Collaboration spéciale : Solène Métayer, M.Sc.

« Vous avez un employé qui dit toujours la vérité et qui a le don de créer un malaise, c’est peut-être parce qu’il est autiste! » Louis T.

Le saviez-vous?¹

Bill Gates, Mark Zuckerberg, Marie Curie, Albert Einstein, Thomas Edison, Courtney Love et Stanley Kubrik sont tous soupçonnés d’être autistes.

À visionner : Apprenti autiste

Qu’est-ce que le trouble du spectre de l’autisme (TSA)?

Selon la Fédération Québécoise de l’autisme (FQA), « le trouble du spectre de l’autisme fait partie de l’ensemble des troubles neurodéveloppementaux décrit dans le DSM-V. Il se caractérise par des difficultés importantes dans deux domaines, soit la communication et les interactions sociales et les comportements, activités et intérêts restreints ou répétitifs. »

« L’autisme vient souvent avec une ou plusieurs comorbidités, c’est-à-dire un problème médical autre qui s’ajoute presque de facto (…) dont l’anxiété et la déficience intellectuelle »².

Professionnelle et autiste : une tranche de vie

« Être à une conférence super intéressante.

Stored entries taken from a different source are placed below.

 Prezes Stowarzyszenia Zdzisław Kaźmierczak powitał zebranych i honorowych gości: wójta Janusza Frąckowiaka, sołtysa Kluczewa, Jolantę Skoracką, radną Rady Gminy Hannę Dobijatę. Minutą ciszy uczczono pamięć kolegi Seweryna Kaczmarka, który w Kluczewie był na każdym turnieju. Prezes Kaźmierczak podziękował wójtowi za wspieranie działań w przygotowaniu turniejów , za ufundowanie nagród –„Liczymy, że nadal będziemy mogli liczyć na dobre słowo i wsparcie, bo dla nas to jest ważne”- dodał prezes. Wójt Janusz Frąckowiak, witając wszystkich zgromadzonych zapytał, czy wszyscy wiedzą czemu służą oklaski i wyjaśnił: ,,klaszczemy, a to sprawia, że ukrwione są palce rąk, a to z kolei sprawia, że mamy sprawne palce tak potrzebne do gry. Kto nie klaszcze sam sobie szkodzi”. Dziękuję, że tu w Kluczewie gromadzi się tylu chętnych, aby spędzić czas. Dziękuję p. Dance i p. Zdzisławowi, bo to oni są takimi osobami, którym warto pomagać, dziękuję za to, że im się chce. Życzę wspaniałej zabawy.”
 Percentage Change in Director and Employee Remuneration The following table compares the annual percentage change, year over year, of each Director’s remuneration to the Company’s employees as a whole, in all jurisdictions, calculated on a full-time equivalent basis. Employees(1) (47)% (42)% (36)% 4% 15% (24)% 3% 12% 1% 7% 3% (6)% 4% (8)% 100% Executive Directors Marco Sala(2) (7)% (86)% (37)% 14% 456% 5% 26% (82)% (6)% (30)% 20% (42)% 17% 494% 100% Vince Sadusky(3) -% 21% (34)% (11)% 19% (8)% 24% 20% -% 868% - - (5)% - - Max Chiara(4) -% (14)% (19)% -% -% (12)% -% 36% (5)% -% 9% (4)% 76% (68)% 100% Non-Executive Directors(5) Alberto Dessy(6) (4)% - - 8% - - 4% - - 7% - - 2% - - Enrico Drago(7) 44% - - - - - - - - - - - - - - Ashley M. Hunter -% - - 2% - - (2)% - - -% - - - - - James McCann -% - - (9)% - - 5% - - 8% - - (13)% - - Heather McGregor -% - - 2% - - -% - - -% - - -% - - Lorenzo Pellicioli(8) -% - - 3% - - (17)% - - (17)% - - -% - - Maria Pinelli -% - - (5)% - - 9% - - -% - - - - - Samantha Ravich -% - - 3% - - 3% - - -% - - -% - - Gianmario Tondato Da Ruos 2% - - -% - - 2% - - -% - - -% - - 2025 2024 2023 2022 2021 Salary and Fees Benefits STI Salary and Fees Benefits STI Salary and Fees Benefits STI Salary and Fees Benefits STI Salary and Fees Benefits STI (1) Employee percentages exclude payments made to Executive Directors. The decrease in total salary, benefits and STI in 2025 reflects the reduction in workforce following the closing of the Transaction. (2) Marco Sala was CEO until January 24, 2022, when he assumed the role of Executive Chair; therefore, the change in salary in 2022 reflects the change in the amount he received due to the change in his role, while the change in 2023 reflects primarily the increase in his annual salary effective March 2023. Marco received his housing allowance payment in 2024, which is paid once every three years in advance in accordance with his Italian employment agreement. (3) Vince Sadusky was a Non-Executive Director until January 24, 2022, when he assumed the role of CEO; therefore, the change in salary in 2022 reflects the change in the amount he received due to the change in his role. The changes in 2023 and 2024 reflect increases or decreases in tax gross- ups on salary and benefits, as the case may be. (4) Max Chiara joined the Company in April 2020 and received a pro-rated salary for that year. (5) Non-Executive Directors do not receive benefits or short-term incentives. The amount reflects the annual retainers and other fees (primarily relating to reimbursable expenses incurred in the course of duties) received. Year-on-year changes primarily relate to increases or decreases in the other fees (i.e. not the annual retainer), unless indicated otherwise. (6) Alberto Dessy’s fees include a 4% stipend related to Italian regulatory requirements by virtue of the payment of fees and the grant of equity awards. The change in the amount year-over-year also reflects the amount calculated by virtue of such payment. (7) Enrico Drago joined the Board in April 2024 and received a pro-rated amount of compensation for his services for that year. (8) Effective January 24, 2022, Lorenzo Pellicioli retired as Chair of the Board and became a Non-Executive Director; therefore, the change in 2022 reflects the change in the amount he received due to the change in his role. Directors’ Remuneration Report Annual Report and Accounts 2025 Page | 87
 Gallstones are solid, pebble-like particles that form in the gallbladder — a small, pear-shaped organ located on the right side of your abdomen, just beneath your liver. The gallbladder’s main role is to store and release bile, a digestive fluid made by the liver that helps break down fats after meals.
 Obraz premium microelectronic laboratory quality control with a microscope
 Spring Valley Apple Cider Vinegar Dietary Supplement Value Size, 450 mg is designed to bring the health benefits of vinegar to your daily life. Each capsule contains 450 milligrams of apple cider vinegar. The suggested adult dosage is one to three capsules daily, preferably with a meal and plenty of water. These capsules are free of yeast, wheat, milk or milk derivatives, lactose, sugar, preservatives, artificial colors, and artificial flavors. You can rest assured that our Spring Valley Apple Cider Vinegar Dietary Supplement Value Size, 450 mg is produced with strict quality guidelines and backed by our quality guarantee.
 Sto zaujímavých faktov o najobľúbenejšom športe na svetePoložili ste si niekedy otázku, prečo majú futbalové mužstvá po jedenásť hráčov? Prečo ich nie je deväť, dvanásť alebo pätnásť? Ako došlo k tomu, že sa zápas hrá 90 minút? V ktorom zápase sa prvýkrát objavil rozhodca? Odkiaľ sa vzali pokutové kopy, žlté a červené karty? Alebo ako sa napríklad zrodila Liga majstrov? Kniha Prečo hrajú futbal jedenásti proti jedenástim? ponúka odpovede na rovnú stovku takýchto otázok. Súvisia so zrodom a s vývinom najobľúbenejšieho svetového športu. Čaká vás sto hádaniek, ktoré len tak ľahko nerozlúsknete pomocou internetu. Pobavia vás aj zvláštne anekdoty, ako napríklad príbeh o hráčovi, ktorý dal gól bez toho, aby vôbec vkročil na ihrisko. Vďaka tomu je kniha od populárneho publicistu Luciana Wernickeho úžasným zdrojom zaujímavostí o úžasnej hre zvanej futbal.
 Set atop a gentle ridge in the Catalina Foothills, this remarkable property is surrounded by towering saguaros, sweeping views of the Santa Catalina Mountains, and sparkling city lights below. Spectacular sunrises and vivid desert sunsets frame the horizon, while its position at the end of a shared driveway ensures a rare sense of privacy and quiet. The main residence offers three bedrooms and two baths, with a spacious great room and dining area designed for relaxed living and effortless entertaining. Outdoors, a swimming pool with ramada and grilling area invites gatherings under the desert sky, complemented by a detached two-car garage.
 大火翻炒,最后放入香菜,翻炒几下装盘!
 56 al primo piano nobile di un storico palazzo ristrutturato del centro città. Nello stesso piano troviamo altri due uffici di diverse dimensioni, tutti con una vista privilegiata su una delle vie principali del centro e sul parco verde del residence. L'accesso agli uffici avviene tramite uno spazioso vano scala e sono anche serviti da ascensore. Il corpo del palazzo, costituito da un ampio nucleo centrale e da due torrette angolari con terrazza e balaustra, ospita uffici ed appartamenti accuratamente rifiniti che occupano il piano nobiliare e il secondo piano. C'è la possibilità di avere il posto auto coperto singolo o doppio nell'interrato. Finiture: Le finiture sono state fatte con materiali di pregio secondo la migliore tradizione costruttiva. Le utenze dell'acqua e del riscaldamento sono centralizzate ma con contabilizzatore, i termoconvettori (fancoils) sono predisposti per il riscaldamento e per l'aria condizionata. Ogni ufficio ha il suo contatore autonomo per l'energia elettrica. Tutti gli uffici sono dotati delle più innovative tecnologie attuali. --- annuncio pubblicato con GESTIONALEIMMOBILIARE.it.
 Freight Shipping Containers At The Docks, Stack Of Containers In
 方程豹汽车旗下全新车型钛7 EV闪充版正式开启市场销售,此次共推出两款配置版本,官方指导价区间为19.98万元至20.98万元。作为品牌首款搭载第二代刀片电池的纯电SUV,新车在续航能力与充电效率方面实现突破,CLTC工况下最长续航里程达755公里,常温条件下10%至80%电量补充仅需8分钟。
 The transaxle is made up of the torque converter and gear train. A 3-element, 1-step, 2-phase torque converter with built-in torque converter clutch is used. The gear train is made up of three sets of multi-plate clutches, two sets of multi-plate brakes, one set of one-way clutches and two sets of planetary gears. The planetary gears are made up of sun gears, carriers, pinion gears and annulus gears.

Vouloir tuer la traductrice qui parle en même temps que le conférencier. Avoir l’air bizarre parce que je porte mon casque anti-bruit. »

Je vous présente Solène Métayer, autiste à haut potentiel intellectuel!

« Le meilleur patron et la meilleure équipe que j’aie jamais eus, c’est à la mi-vingtaine qu’ils ont croisés mon chemin. Je travaillais dans une équipe tissée serrée où ma différence était acceptée, bien qu’à l’époque je n’aie pas su la nommer faute de diagnostic. J’étais parmi les originaux de l’équipe, ceux qui pensaient à des solutions innovantes dans un milieu où le fameux « nous avons toujours fait ça comme ça » était maître.

Des conditions gagnantes

Mon atout, c’est que je respectais toujours les règles, tant les règlements internes que les nombreuses conventions collectives qui régissaient le personnel. Je les connaissais sur le bout des doigts et j’étais ainsi capable de naviguer parmi toutes ces obligations et ces limitations sans jamais m’enliser.

Par ailleurs, mon patron était quelqu’un d’allumé, qui ne s’offusquait pas qu’on le remette en question si nous avions de bons arguments : le rêve!

C’était un emploi idéal pour moi parce que j’étais très autonome, tout en ayant une équipe solide à consulter au besoin. Mon principal irritant était le téléphone, mon compagnon de tous les instants; heureusement, mes appels étaient la plupart du temps des scénarios bien rodés, ce qui m’évitait de devoir improviser.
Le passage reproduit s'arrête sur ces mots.